Analysis: Originals, Exclusives dominate Netflix US catalogue
May 31, 2022
In March 2022, the number of Original and Exclusive titles in Netflix’s US catalogue accounted for more than 50 per cent of all available content for the first time in the company’s history. According to Ampere Analysis’s Subscription Video on Demand (SVoD) tracking data, there are now over 3,700 Original-branded (i.e., Original and Exclusive) movies and TV seasons in the Netflix US library, which has consistently offered around 7000 titles over the last three years.
Among the major SVoD platforms, Netflix is second only to the much smaller Apple TV+ in its focus on Original-branded content.
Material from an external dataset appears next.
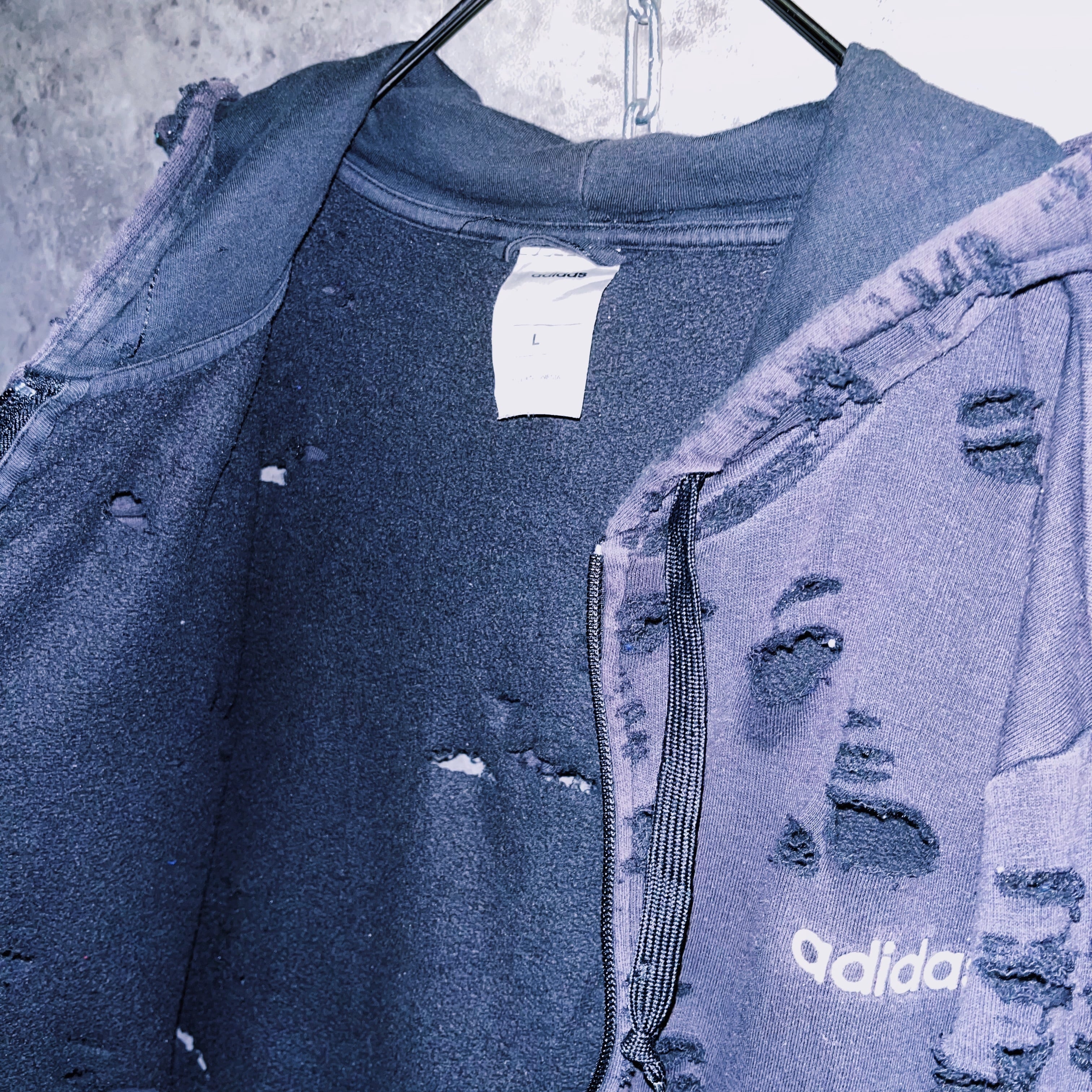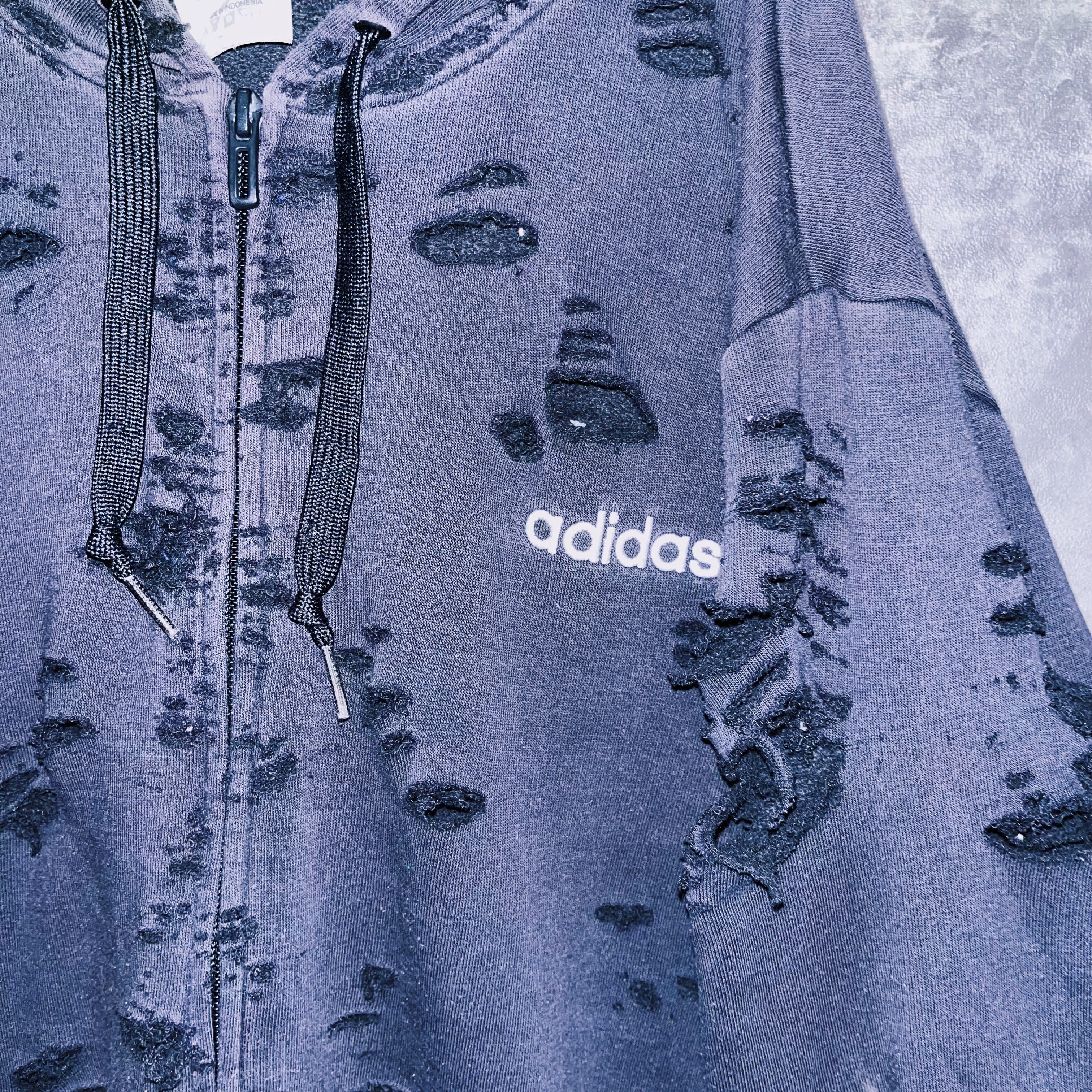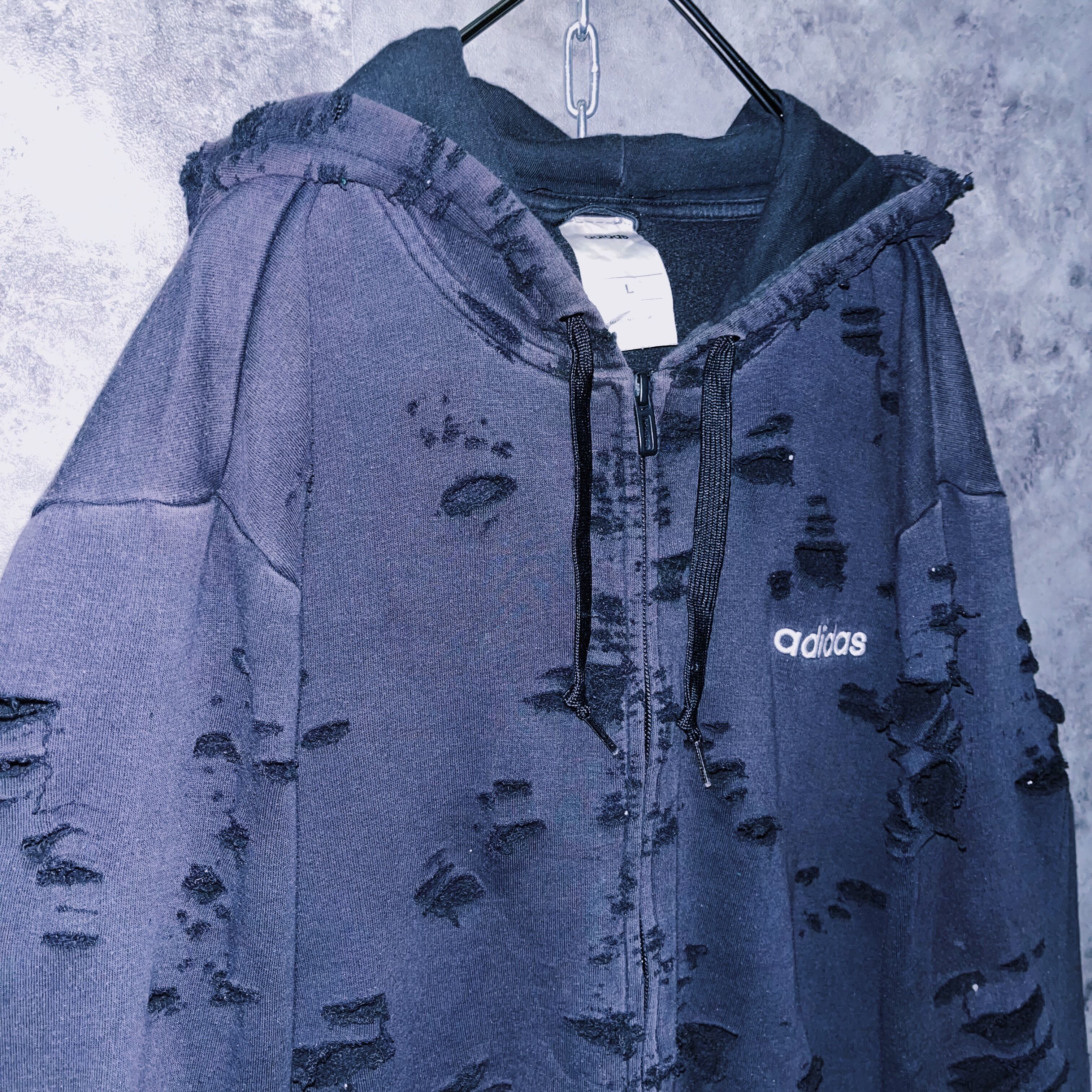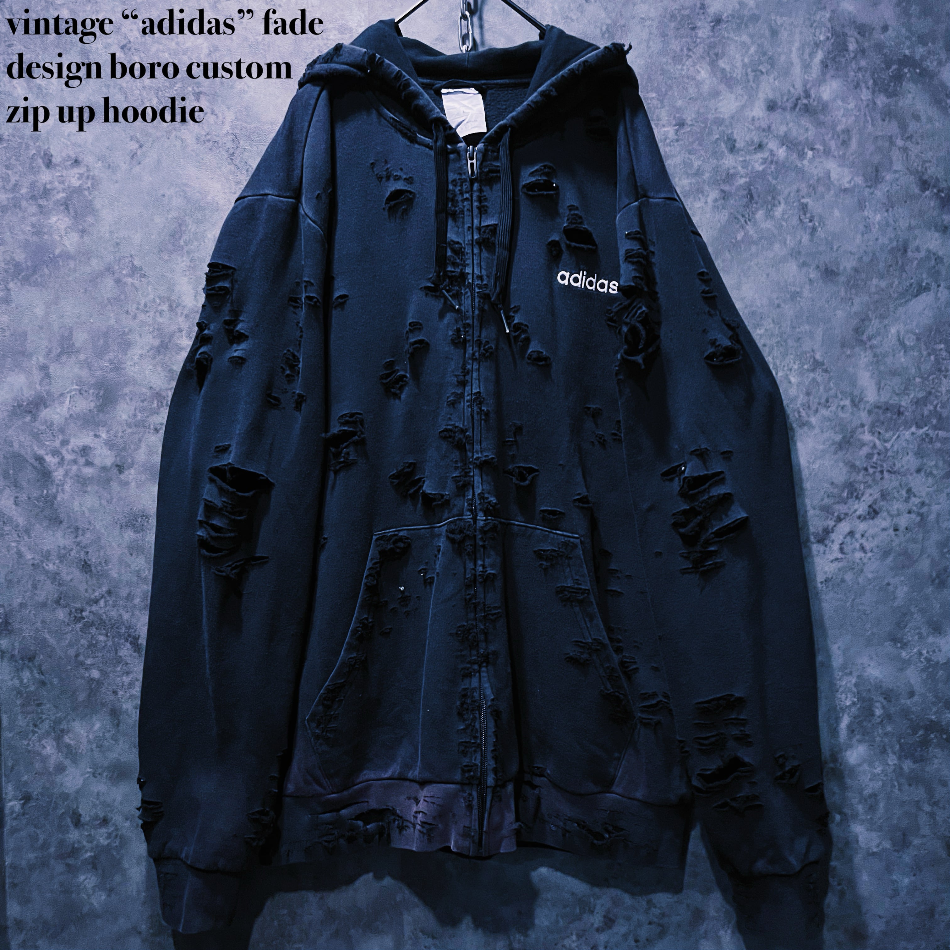 ヴィンテージ“adidas”フェードデザインボロカスタムジップアップフーディ

It’s far ahead of fellow longstanding streaming incumbents Amazon Prime Video (9 per cent) and Hulu (4 per cent).
Originals have been a major focus of Netflix’s content strategy. In September 2016, when Originals and Exclusives accounted for only 5 per cent of its US catalogue, the then CFO David Wells set a target of a 50/50 split between original and licensed titles within the next few years. This transition to majority original titles is a product of Netflix’s market-leading spending. Ampere’s Markets: Content data shows that the Group has outspent every other SVoD company on original content each year since 2013 and has consistently increased its yearly investment. Netflix’s original content spend peaked at $6.2 billion (€5.8bn) in 2021, more than double the next highest spender, Disney+, with $2.8 billion.
Such investment has helped make Netflix a prominent distributor of popular content. Ampere’s proprietary Popularity Score indicates that across Q1 2022, Netflix Originals and Exclusives accounted, on average, for 12 per cent of the 100 most popular titles available on SVoD in the US, the highest share of any SVoD platform. Notable titles include the final season of crime series Ozark and the second season of period drama Bridgerton, which recently became the most-watched English-language TV series on Netflix.
“Netflix’s increasing content self-sufficiency is necessary for today’s streaming market,” advises Joe Hall, Analyst at Ampere Analysis. “The rise of studio-led direct-to-consumer platforms has led to a shrinking pool of licensable content as studios prefer to keep productions in-house. Original content also allows platforms to offer exclusive titles internationally without additional licensing costs. This is particularly important as Netflix sets its sight on acquiring more international subscribers to compensate for maturity in developed markets.”
Under current growth rates, Ampere estimates that 75 per cent of the movies and TV seasons available on Netflix will be either Originals or Exclusives by the end of 2024.